The product includes at least one component.

The product is an assembly that includes a plurality of components, wherein each component of the plurality of components is a product.

The presenting comprises presenting technical information corresponding to the product, wherein the technical information comprises at least one of technical data and links to the technical data. The technical information includes at least one of a graphic image of the product and a specification drawing of the product.

The technical information includes technical specifications of the product.

The links include links to one or more of engineering drawings, footprint specifications, three-dimensional models, electrical models and technical reports corresponding to the product.

The links include a technical specifications link, wherein the technical specifications link provides click through access to a comprehensive set of technical information for a series of products corresponding to the product.

The links include links for requesting at least one of a physical sample of the product and pricing information of the product.

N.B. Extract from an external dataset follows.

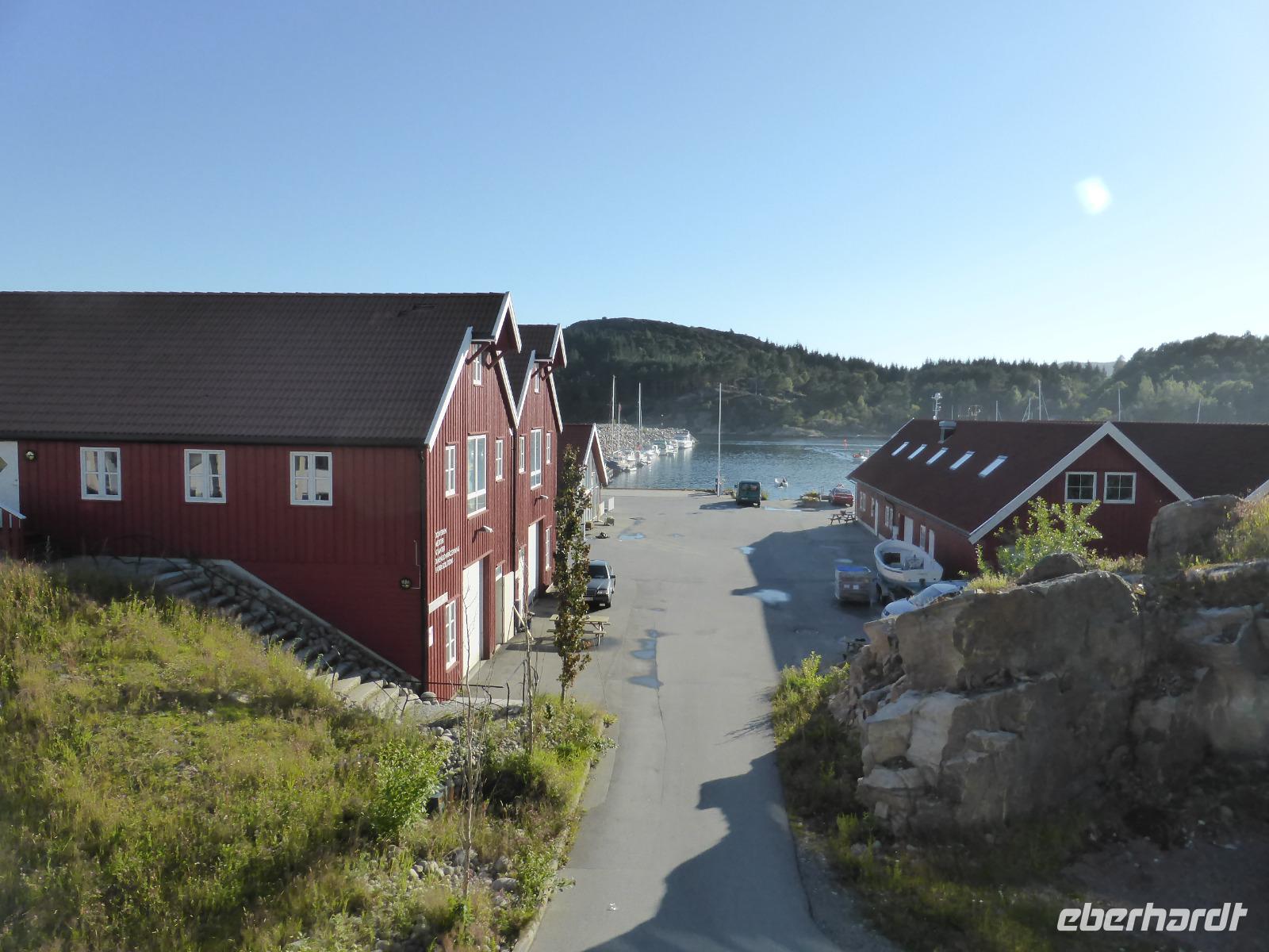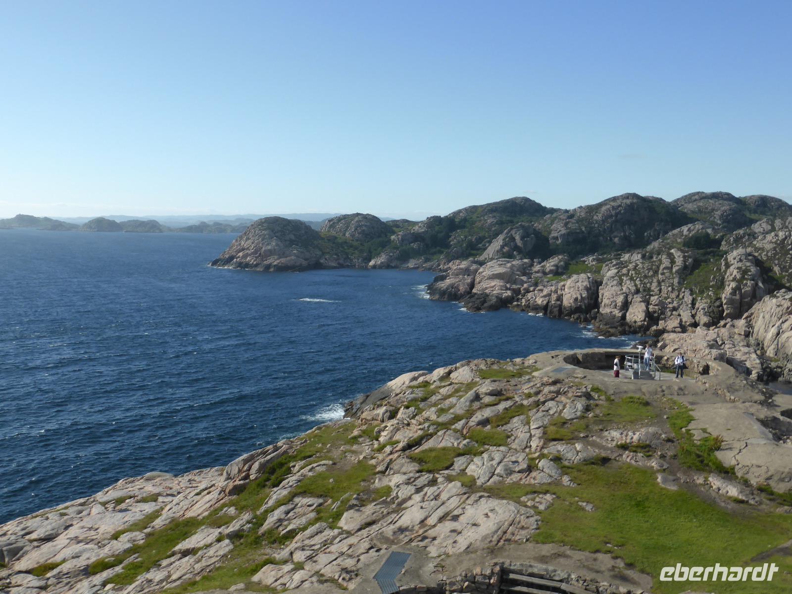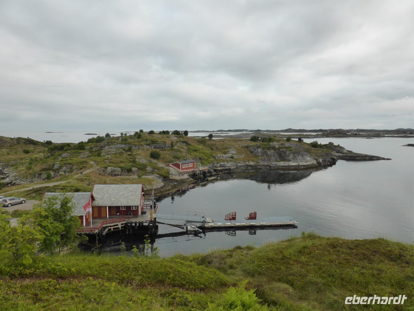 Nach dem Frühstück ging es weiter zum Fährhafen nach Hirtshals. Erst ganz zum Schluss durften wir mit unserem Bus auf das Fahrzeugdeck fahren. Wir befürchteten schon nicht mehr mitzukommen. Während der Fährüberfahrt hatten wir schönes Wetter und eine ruhige See, trotzdem schaukelte das Schiff ein wenig, was nicht alle Gäste gut überstanden. Als nach circa 2 Stunden die norwegische Küste in Sicht kam, zogen dunkle Wolken auf und es begann zu regnen. Es regnete auch noch als wir fünf weitere Gäste unserer Reisegruppe in Kristiansand vom Hotel abholten. Sie waren tags zuvor mit dem Flugzeug angekommen. Gemeinsam fuhren wir zu unserem ersten Besichtigungsort Mandal. Da sich das Wetter noch nicht gebessert hatte, sahen wir uns so lange wie möglich diesen hübschen kleinen Ort vom Bus aus an. Anschließend hatten wir noch etwas Freizeit für einen kleinen Spaziergang. Nach einem Fotostopp am Strand von Mandal fuhren wir zum Leuchtturm von Lindesnes. Er steht auf dem Kap Lindesnes, dem südlichsten Festlandspunkt Norwegens, und wurde im Jahre 1915 fertiggestellt. Wir genossen die spektakuläre Lage und den Blick auf die Felslandschaft bei strahlendem Sonnenschein. Vom „Südkap" war es dann nicht weit bis zu unserem Havhotell Lindesnes - Båly. Hier bestand die Herausforderung darin unsere Hotelzimmer zu finden, da sich diese auf mehrere Gebäude verteilten. Die Hotelanlage lag fantastisch in einer Bucht, eingebettet zwischen zwei kleinen Yachthäfen.

The technical information includes a link for initiating contact with technical support.

The method comprises presenting via the UI a simulation control that controls access to at least one of a simulator and simulation data resulting from execution of a real-time simulation of operation of the product.

The method comprises presenting the simulation data in response to activation of the simulation control.

The method comprises launching the simulator in response to selection of the simulation control, wherein the launching comprises running the simulator using product data of the product.

The launching comprises presenting a simulator UI and presenting a set of simulation parameters via the UI, comprising receiving via the simulator UI at least one simulation parameter of the set of simulation parameters and controlling the simulation in response to the at least one simulation parameter.

The simulation data comprises electrical data resulting from simulated operation of the product, wherein the electrical data comprises at least one of raw data, data plots, crosstalk plots, insertion loss plots, and eye diagram plots. The method comprises generating in real-time and presenting a model of the product via the UI, wherein the model is a three-dimensional model.

The method comprises receiving via the UI a selection of a modeling application of a plurality of modeling applications. The method comprises generating the model using the selected modeling application.

Embodiments described herein include a system comprising a server comprising a processor coupled to a database. The database includes information of a plurality of components and a plurality of parameters. The plurality of parameters represents at least one of physical characteristics and operational characteristics consistent with the plurality of components. The system comprises a user interface (UI) coupled to the server. The UI accesses information of the database. The UI presents a set of parameters. The plurality of parameters includes the set of parameters. The UI receives at least one selected parameter of the set of parameters. The processor revises the set of parameters presented in response to the at least one selected parameter. The processor identifies a product that includes at least one component consistent with the set of parameters. The UI presents the product via the UI.

Embodiments described herein include a system comprising: a server comprising a processor coupled to a database, wherein the database includes information of a plurality of components and a plurality of parameters, wherein the plurality of parameters represent at least one of physical characteristics and operational characteristics consistent with the plurality of components; and a user interface (UI) coupled to the server, wherein the UI accesses information of the database, wherein the UI presents a set of parameters, wherein the plurality of parameters includes the set of parameters, wherein the UI receives at least one selected parameter of the set of parameters; wherein the processor revises the set of parameters presented in response to the at least one selected parameter, wherein the processor identifies a product that includes at least one component consistent with the set of parameters; wherein the UI presents the product via the UI.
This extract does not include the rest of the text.